Somewhere in the second hour, he felt it. A subtle thing, easy to miss if he hadn't been paying such close attention. His flesh had reached some threshold, filled enough with refined mana that his body seemed to settle into a slightly denser, slightly steadier version of itself. Not a dramatic transformation. More like a room that had been half furnished finally getting the rest of its furniture.
By the time he surfaced, sweat cooling along his back, something in his chest had shifted. Not fixed. Just further along than it had been yesterday.

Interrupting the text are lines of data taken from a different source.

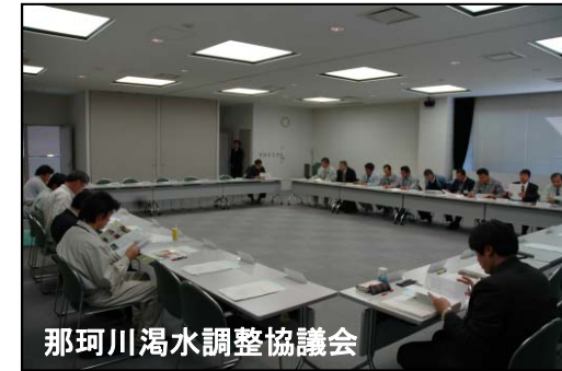
那珂川渇水調整協議会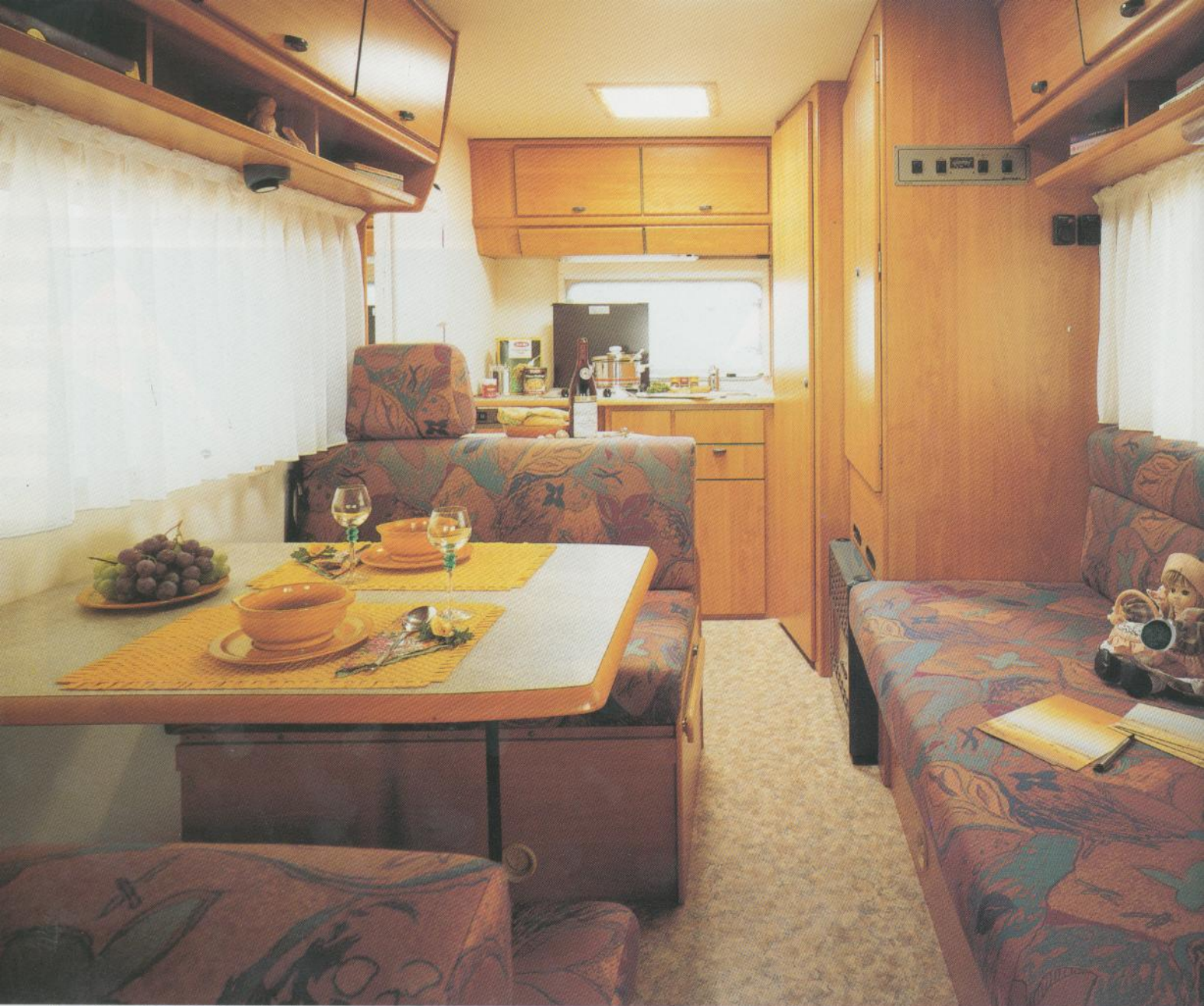
Camp-Swing 544 in Stoffkombination Padua.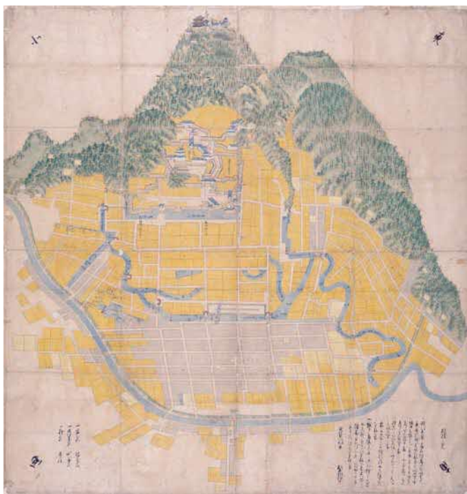
鳥取城修復願図 延宝8年（1680） 鳥取城修理について幕府へ提出された鳥取城と城下町絵図の写し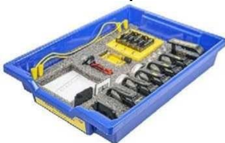
Рис. 7. Комплект сопутствующих элементов для экспериментов по оптике В

Комплект сопутствующих элементов для экспериментов по оптике (рис. 7).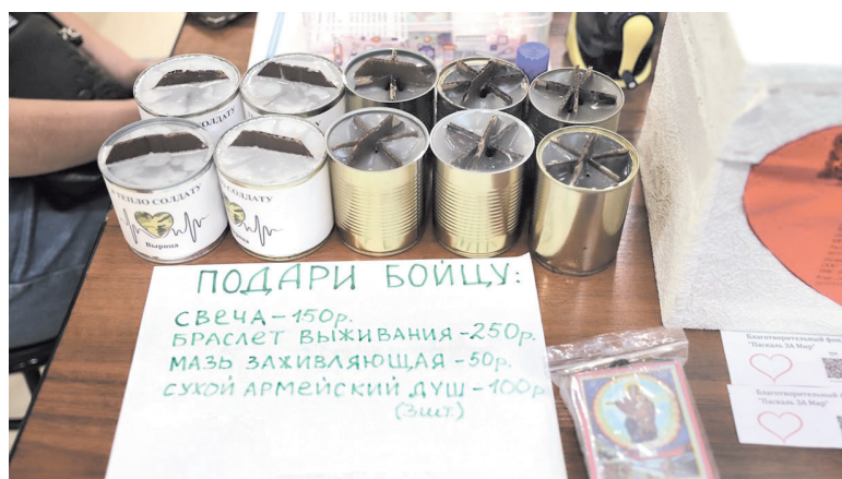
Благотворительная ярмарка в поддержку защитников Отечества в п. Новоселье

— Очень активна команда женсовета Всеволожского рай-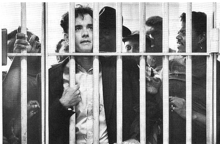
Hochmut kommt vor dem Fall: Der Sturz vom «Meister des Universums» Sherman McCoy, gespielt von Tom Hanks.

alle gesellschaftlichen Gruppierungen dieser Mentalität verschrieben haben, dass der «Tanz um das goldene Kalb» zu einem blindwütigen Amoklauf geworden ist. Unterstützung findet De Palma durch zwei glänzende Hauptdarsteller, wobei Tom Hanks einer der wenigen Komiker ist, die die Gratwanderung zwischen weltgewandter Überheblichkeit und linkischer Hilflosigkeit überzeugend beherrschen. Bruce Willis legt seinen Journalisten so differenziert an, dass man bei allem Zynismus, den er an den Tag legt, Hochachtung vor ihm haben muss. Er ist nicht nur der einzige, der Mitleid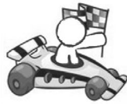
Chauffeur du dimanche

He said the word out loud, the way Rose had taught him to that first night.
"System."
The window came up in front of him, clean and blue.
[ SYSTEM ]
Species: Human (Primordial)
Name: Arthur Walker
Age: 18
Realm: None
Soul Strength: None
Cultivation: Flesh Awakening, Second Layer
Element: Chaos, Order
Talent: Chaos and Order Primordial Body
Cultivation Method: Chaos and Order Primordial Scripture
State: Indeterminable
He read the new line twice.
Cultivation: Flesh Awakening, Second Layer.
A tiny breakthrough. Not the leap into Meridian Opening he'd been quietly hoping for since the first time Zhixu mentioned it. Just one layer deeper into the stage he was already in, earned the slow way, through patience instead of force. But that was just the start.
"Second layer," he thought, letting the window fade. "Slower than it should be. But still moving, less pain is better than nothing."
Outside his window, the afternoon was already tilting toward evening, five days shrinking down toward whatever waited for him at a base he'd never seen, for training he didn't yet understand.
For now, it was just him, a quieter fire, and one more layer down.